▶ [Given material]:

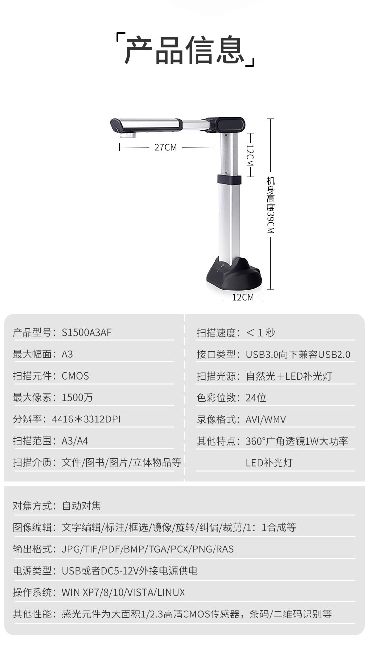 良田/eloam S1500A3AF 高拍儀 視頻展臺 高速掃描儀 1500萬像素A3掃描自動對焦合同票據(jù)照片掃描
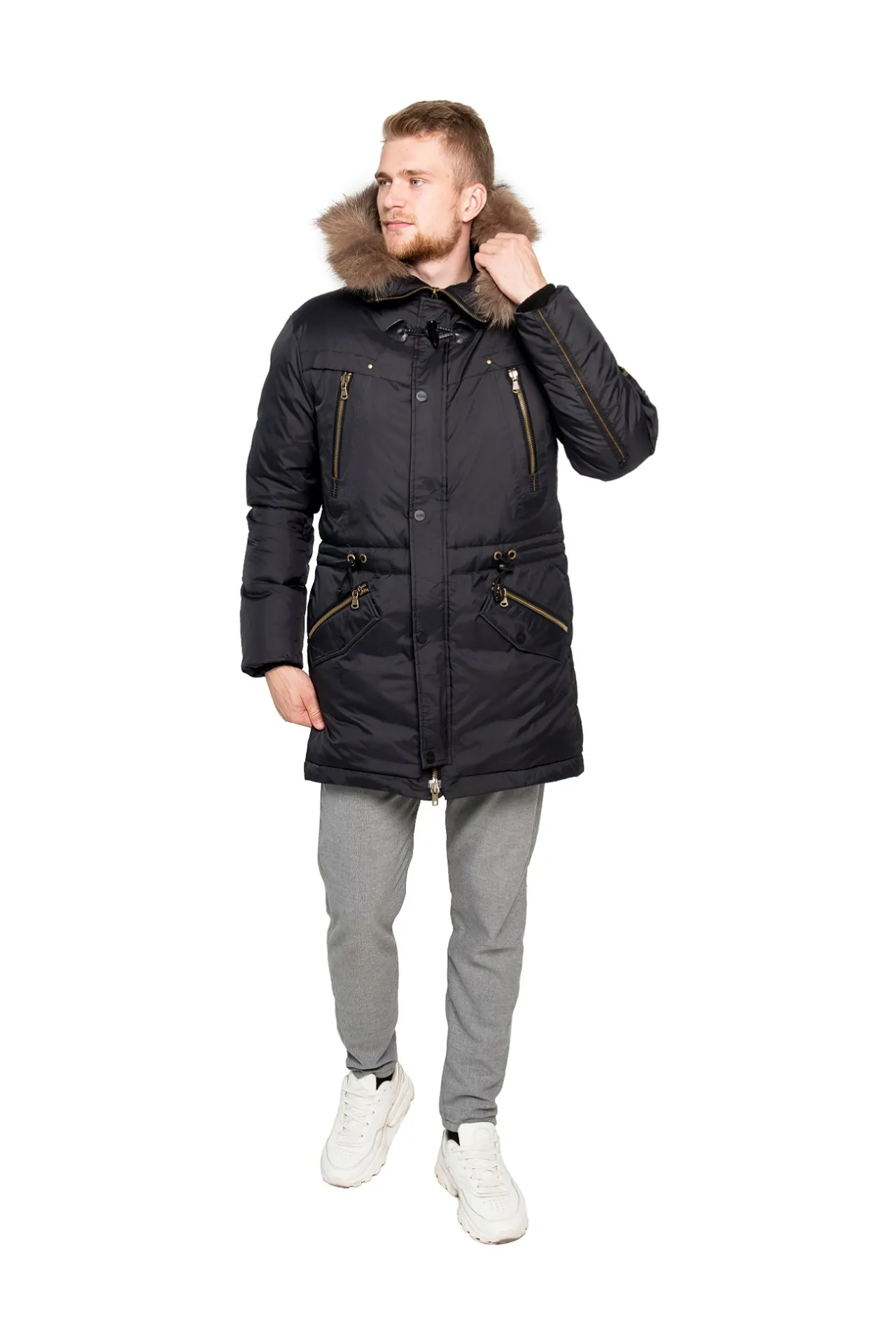 Несъемный капюшон дополнен натуральным мехом енота, который усиливает теплоизоляцию и надежно защищает от ветра и снега. Мех придает модели выразительный и статусный вид, делая пуховик актуальным и современным.
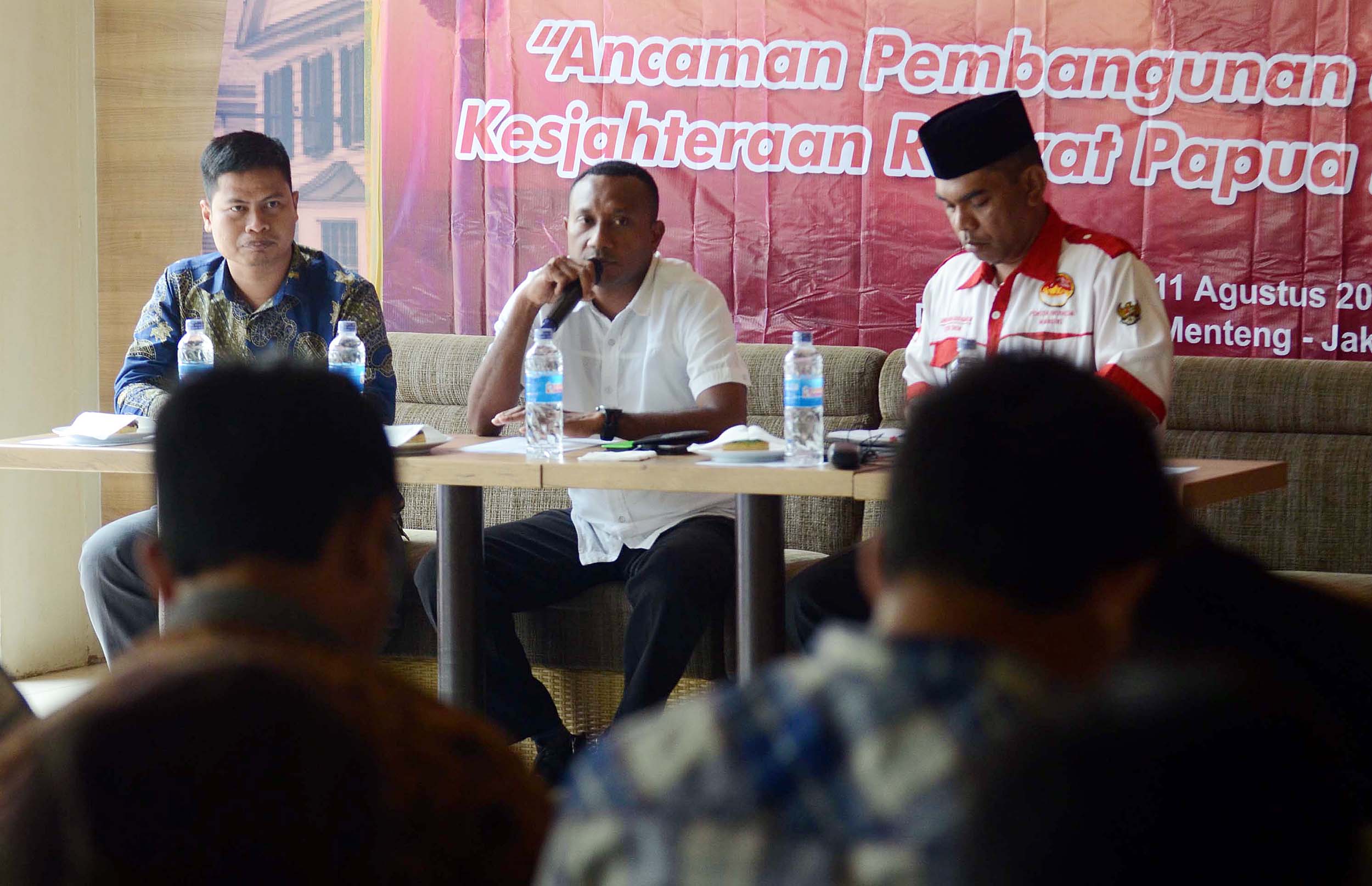 Ketua Pansus Pajak Freeport sekaligus Ketua Fraksi Hanura Papua dan Ketua DPD Hanura Papua, Yan P Mandenas (tengah), Ketua Umum Kebangkitan Pradaban Pancasila, Djafar Ngabalin (kanan) dan Moderator Rasminto (kiri) saat menjadi pembicara diskusi publik Gerakan Mahasiswa Indonesia di Jakarta, kamis (11/8/2016). diskusi tersebut dengan tema “Ancaman Percepatan Peningkatan Kesejahtrean Rakyat Papua Sebagai bagian dari NKRI”.

▶ [Problem requirements]: What is needed is an exact copy of the lines from the beginning of the data through the line containing "Несъемный капюшон дополнен", both included, without any pictures.

▶ [Response below]:
 良田/eloam S1500A3AF 高拍儀 視頻展臺 高速掃描儀 1500萬像素A3掃描自動對焦合同票據(jù)照片掃描
 Несъемный капюшон дополнен натуральным мехом енота, который усиливает теплоизоляцию и надежно защищает от ветра и снега. Мех придает модели выразительный и статусный вид, делая пуховик актуальным и современным.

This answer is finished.